++++ Material for this exercise

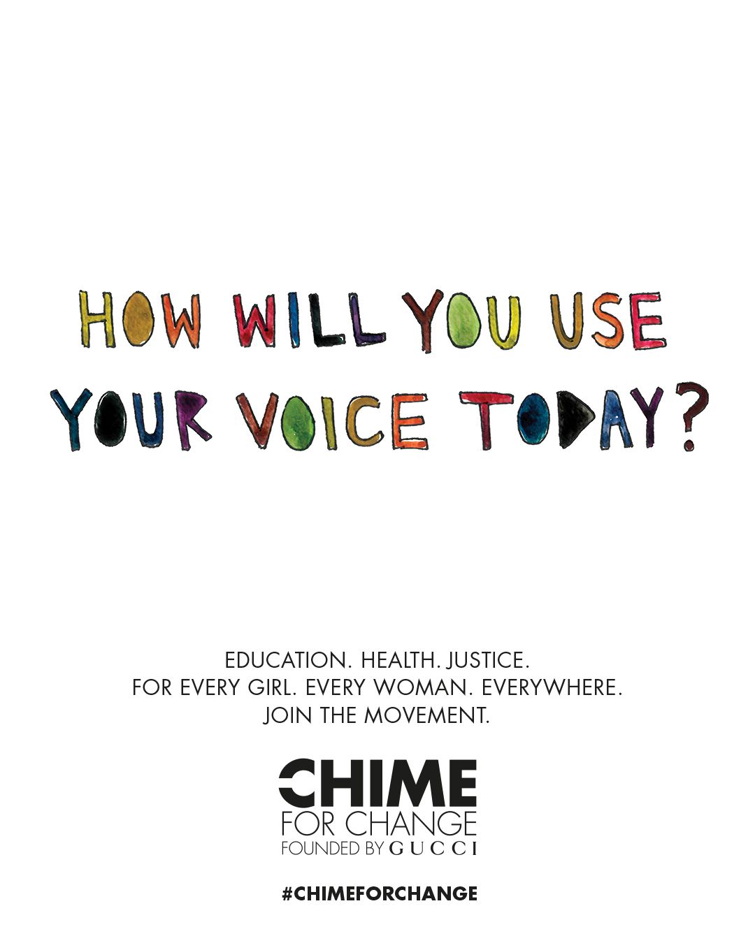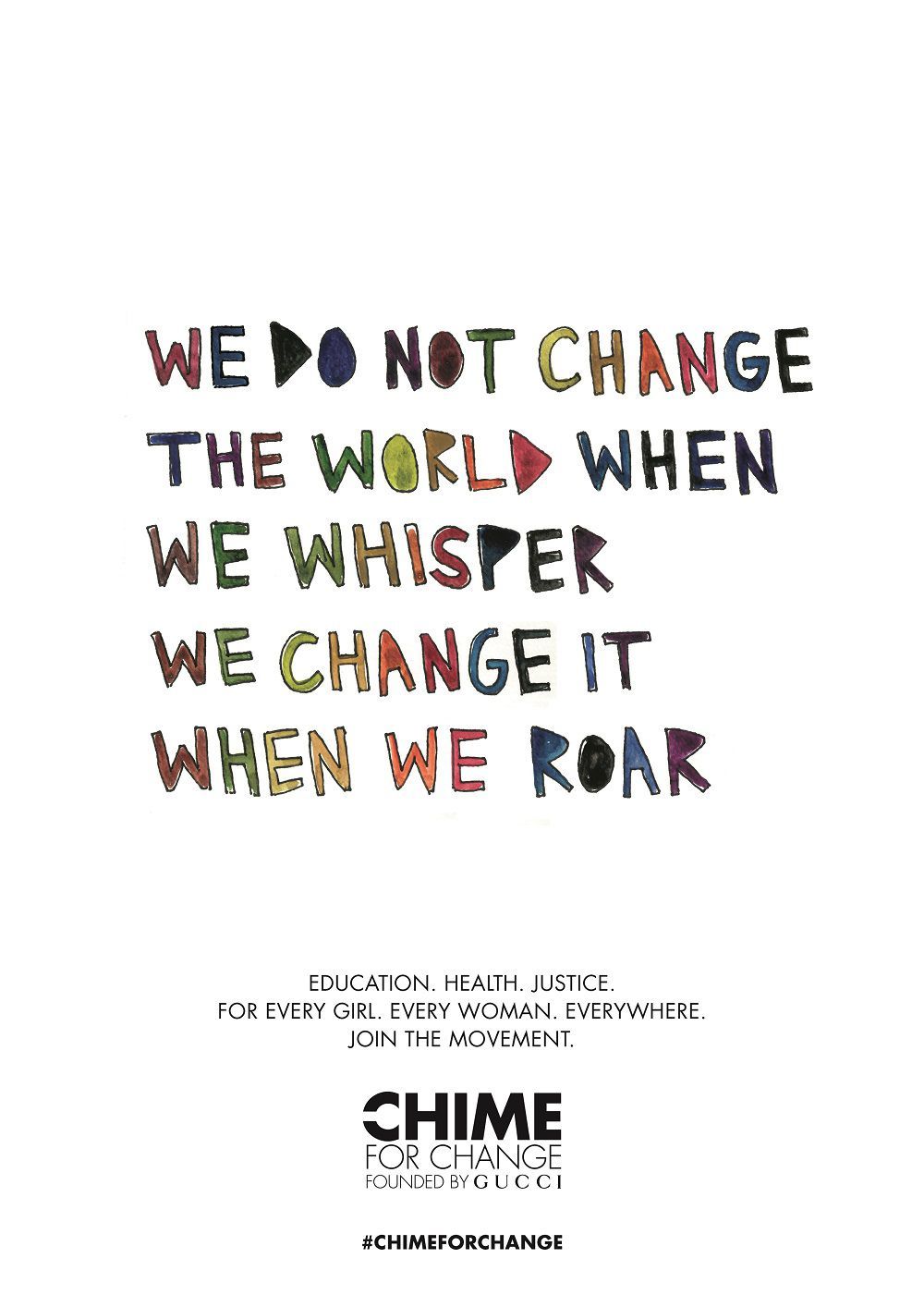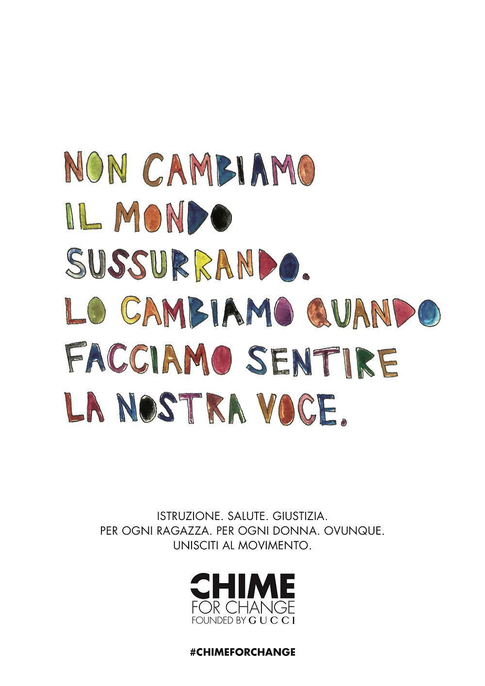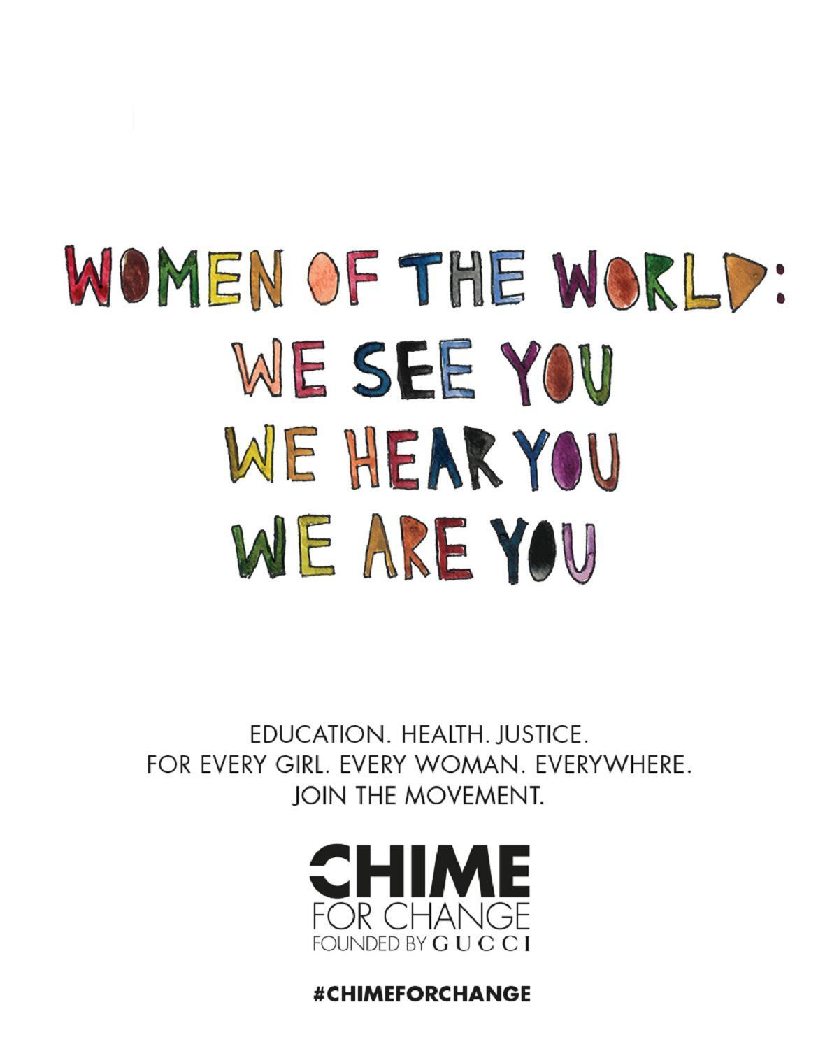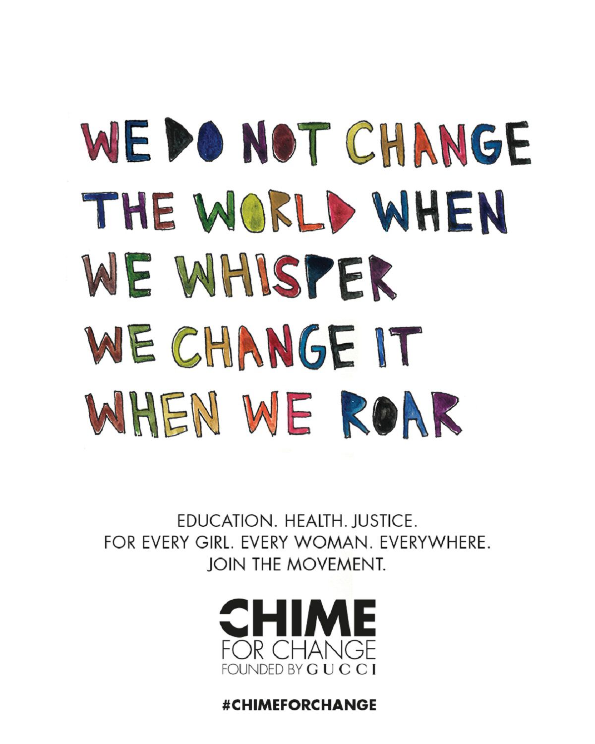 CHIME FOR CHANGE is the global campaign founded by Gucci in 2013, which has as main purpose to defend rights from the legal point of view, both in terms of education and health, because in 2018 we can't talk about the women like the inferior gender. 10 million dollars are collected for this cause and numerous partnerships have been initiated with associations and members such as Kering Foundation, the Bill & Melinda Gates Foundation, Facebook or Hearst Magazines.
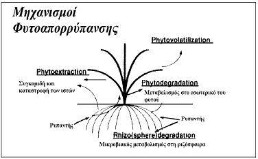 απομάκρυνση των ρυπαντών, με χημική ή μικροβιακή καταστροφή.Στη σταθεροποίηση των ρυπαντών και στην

++++++++
++++ Material for this exercise

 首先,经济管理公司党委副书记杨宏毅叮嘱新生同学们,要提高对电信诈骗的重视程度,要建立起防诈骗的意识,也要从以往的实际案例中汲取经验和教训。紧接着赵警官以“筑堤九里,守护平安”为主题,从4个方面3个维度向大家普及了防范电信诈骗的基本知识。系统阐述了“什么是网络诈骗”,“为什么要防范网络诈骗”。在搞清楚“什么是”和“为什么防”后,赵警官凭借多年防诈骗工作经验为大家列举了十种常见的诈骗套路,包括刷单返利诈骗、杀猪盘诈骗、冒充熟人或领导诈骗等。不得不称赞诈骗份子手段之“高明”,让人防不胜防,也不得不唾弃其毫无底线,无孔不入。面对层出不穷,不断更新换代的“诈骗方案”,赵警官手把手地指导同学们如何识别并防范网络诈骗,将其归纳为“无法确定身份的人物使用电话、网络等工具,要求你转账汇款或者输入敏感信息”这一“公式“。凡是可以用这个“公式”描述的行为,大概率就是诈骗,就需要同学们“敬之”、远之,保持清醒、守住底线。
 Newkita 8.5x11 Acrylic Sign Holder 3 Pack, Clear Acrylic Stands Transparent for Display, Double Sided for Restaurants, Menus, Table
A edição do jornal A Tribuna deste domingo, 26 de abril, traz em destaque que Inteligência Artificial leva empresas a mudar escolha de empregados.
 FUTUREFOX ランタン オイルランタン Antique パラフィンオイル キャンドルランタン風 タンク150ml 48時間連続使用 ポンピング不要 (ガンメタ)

++++++++

## [Assignment]
Taking the entries above, copy word for word the lines from the one with "CHIME FOR CHANGE" up to and including the one with "απομάκρυνση των ρυπαντών, με", without any picture.

## [Response for this exercise]
 CHIME FOR CHANGE is the global campaign founded by Gucci in 2013, which has as main purpose to defend rights from the legal point of view, both in terms of education and health, because in 2018 we can't talk about the women like the inferior gender. 10 million dollars are collected for this cause and numerous partnerships have been initiated with associations and members such as Kering Foundation, the Bill & Melinda Gates Foundation, Facebook or Hearst Magazines.
 απομάκρυνση των ρυπαντών, με χημική ή μικροβιακή καταστροφή.Στη σταθεροποίηση των ρυπαντών και στην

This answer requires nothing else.